With Charlieplexing, N output pins can be used to drive N x (N-1) LEDs. This is a huge advantage over a traditional multiplexed display. So for 72 LEDs we can use just 9 pins to address 72 pins, 9 x 8 = 72. A conventional matrix would need a 9 x 8 configuration or 17 pins to achieve the same result.

I started to design my first charlie clocks on this basis and they worked just fine.

An etched board and an assembled clock. This one is for a dual LED clock and uses all combinations of an 11 x 12 charlieplex to drive 132 LEDs.

Further developments

After a few experiments and changes of layout, I discovered that a 72 LED clock face lends itself much better to twelve sets of six LEDs, although this means using more pic pins and intellectually is less satisfying. So if I used twelve outputs I found I could simplify any hand wiring, especially useful as I etch single-sided boards. Eventually I have settled on a system where the LEDs are divided into two sets of six cathode groups, with the six unused anodes on one side providing the cathodes for the other side. I can best explain this by means of a diagram:

Left: the 12 colours represent the wiring from the 12 pins from the microcontroller. Right: a PCB design derived from the concept.

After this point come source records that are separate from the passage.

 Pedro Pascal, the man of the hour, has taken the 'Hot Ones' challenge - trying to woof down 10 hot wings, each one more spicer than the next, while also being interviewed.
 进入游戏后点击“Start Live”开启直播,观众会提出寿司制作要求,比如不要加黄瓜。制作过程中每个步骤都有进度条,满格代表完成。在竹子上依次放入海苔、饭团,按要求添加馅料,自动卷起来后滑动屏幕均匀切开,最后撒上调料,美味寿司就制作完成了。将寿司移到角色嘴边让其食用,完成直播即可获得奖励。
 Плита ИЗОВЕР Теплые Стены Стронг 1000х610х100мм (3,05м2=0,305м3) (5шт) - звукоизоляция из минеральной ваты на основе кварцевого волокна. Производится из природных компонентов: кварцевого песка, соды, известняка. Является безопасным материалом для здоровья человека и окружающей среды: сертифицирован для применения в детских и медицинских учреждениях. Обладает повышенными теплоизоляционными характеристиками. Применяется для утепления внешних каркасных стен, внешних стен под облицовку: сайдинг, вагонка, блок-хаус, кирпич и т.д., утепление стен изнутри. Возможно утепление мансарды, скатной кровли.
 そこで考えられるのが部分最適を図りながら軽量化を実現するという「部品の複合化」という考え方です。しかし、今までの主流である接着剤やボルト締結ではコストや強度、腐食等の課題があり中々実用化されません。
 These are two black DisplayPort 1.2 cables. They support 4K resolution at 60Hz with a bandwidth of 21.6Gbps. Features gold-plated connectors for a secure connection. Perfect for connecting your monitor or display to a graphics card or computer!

The circuit layout includes the cathode resistors for each group of 6 LEDs, switches, watch crystal and caps, the PIC microcontroller, a 5v voltage regulator and its associated caps. That is the sum total components. The board measures 4″ or 100mm square.

This Post Has 4 Comments

  1. shinas

    Hi ,
    Dear friend if you don’t mind. can you please send me the clock code. I would like to make one for me 😊

    1. clock-it

      Programmed microcontrollers are available from me at modest cost.

      1. Chris Bussey

        Have you ever done a 60 sec + 60 min + 12 hour clock requiring 12 pins and 132 leds?

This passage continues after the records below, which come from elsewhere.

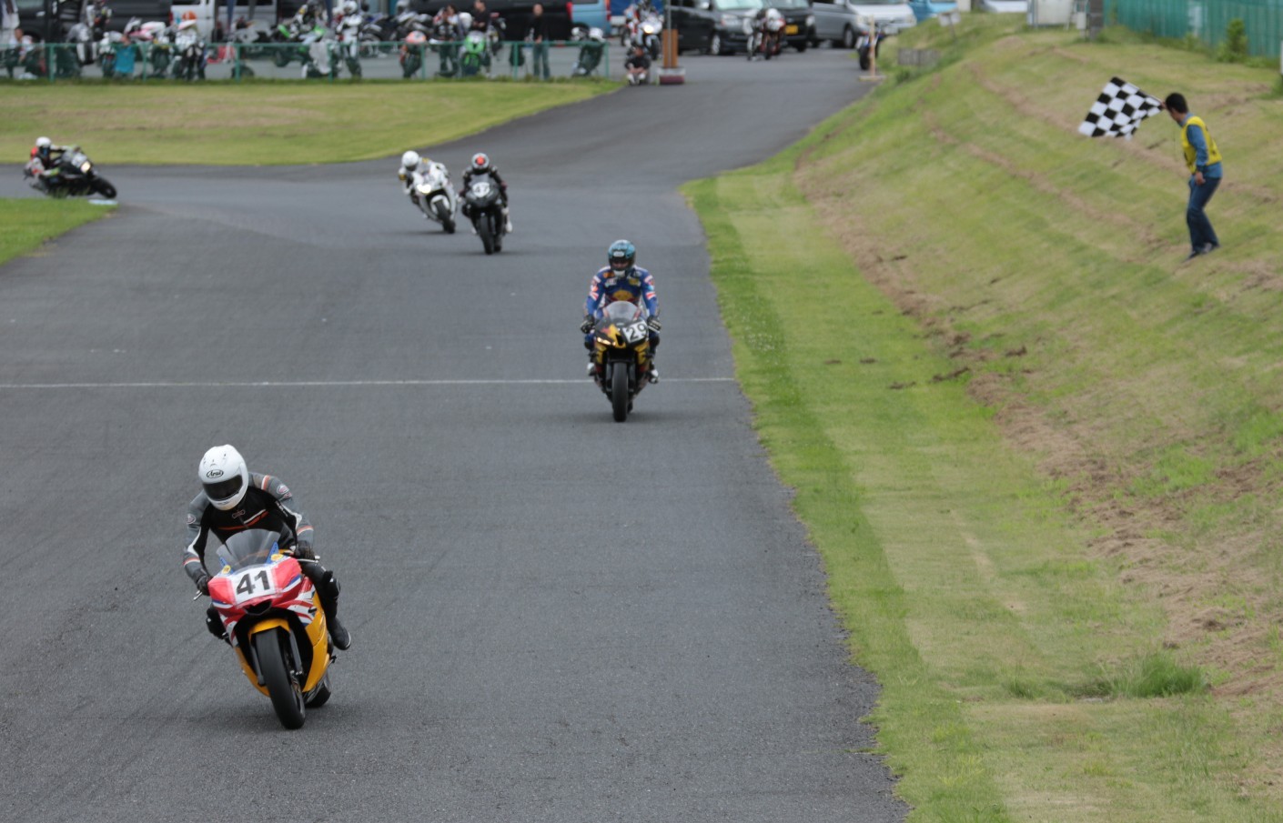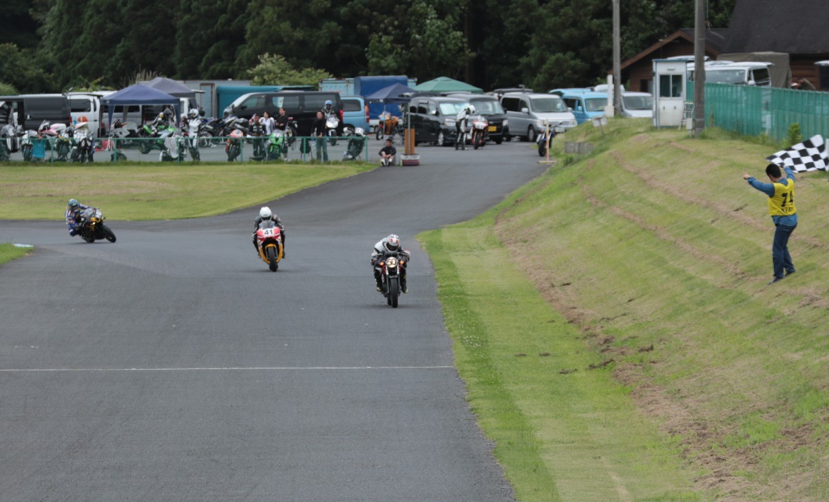 後続を引き離してトップチェッカーへ。2位には西村。
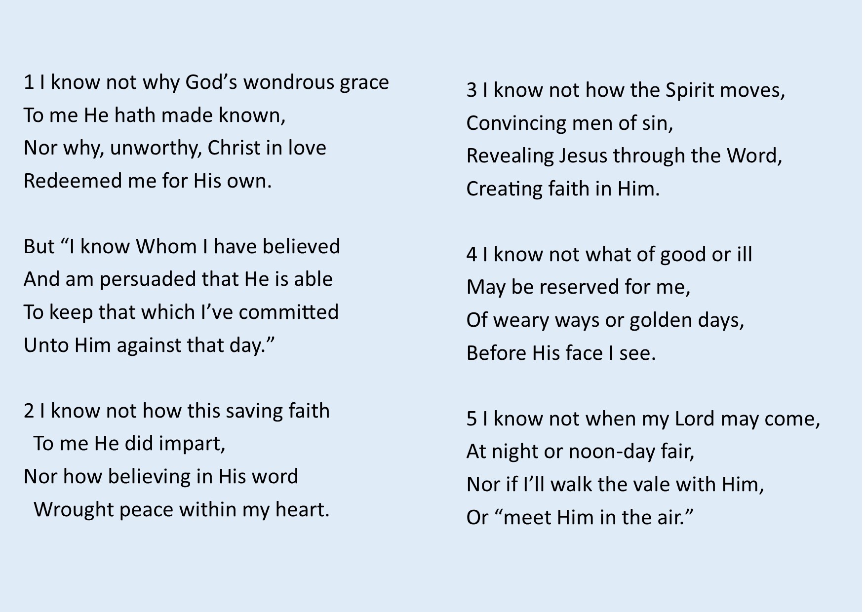 This popular, often sung, hymn includes the testimony of one who knew what it was to be enslaved because of sin and then to be saved by sovereign grace and to go on and live and die in that grace.
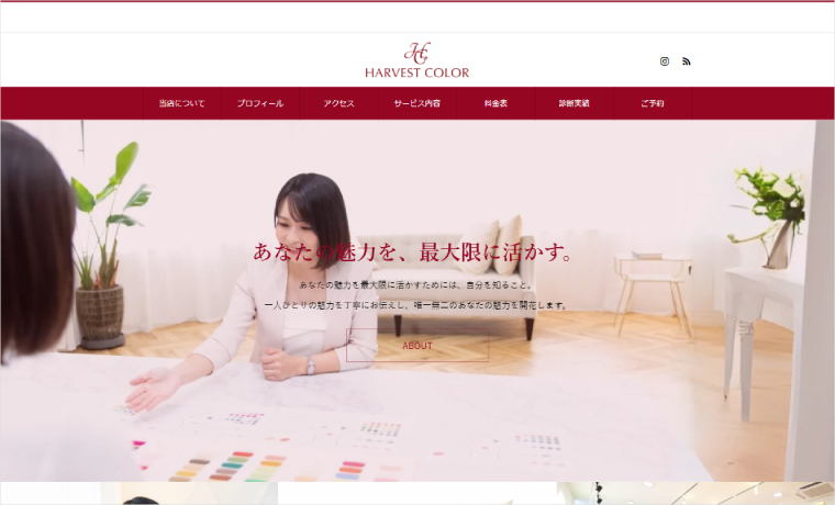 トータルビューティーサロン「Harvest Color」様のウェブサイトです。HEALを活用いただいています。
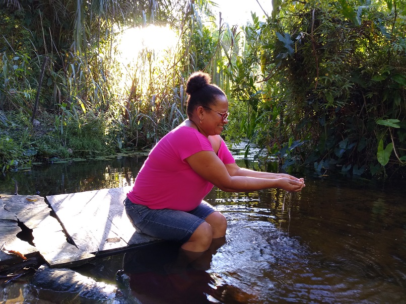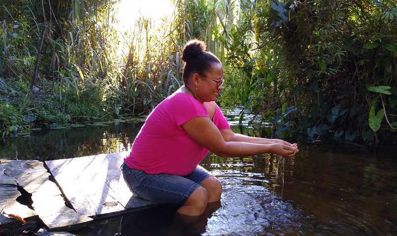 crédito foto: Maria festeja o trabalho de recuperação da nascente da Prata /Foto: Acervo Bracell
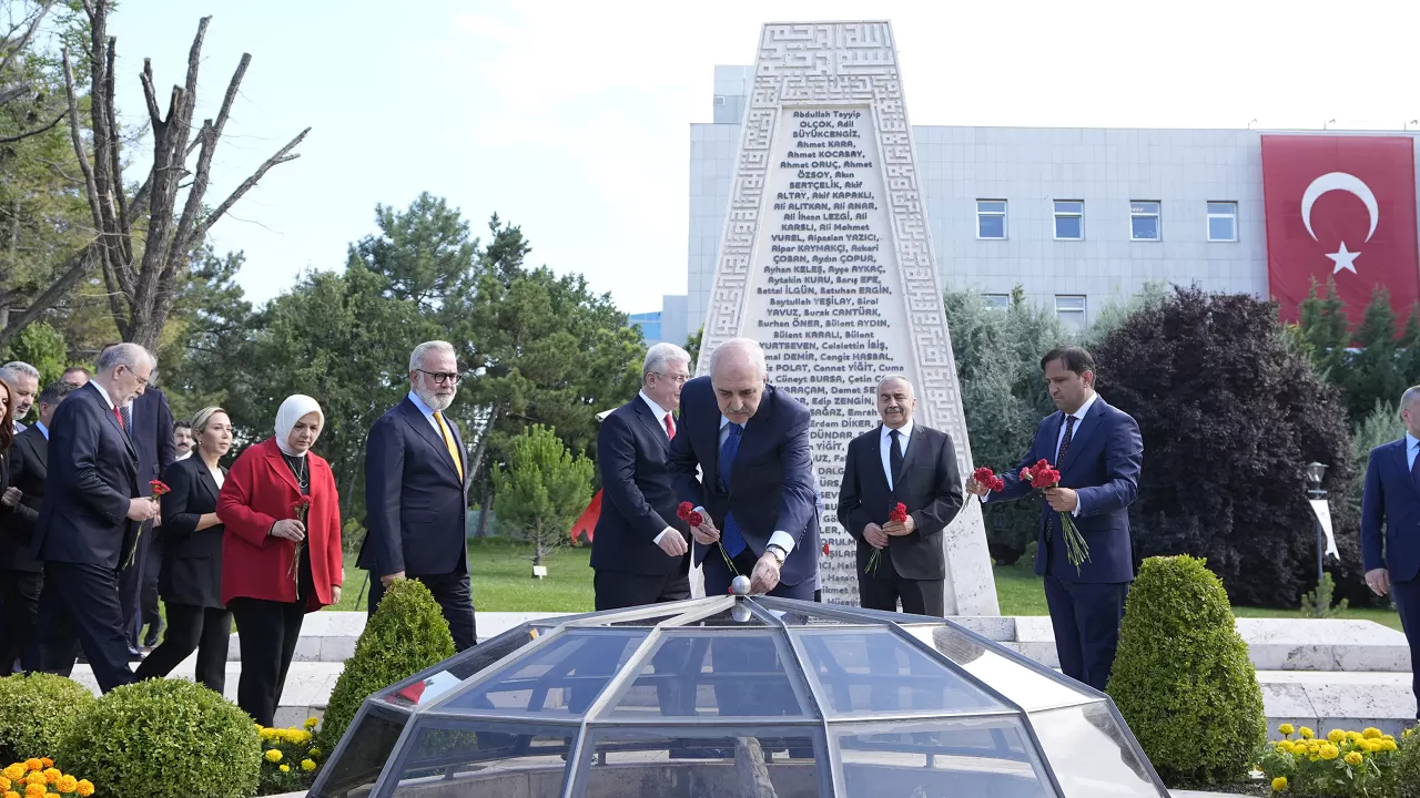 Kurtulmuş ve beraberindekiler, FETÖ mensuplarınca 15 Temmuz 2016 gecesi TBMM'ye atılan ilk bombanın düştüğü alanda bulunan anıta karanfil bıraktı. Kurtulmuş, o gece şehit düşen vatandaşlar için dua etti.

        I realise you would have to sweep across potentially 3 led’s per second and utilise persistance of vision to get a realistic display but, what a clock!

        1. clock-it

          The two small pictures at the top of the page show a Charlieplexed clock with 132 LEDs. It has its own page at http://clock-it.net/dual-redgreen-clock-with-animations/ I am driving about 15 in rapid succession to create the illusion that they are lit at the same time. This rate has to be way in excess of 3 times a second, more like 1000 times a second.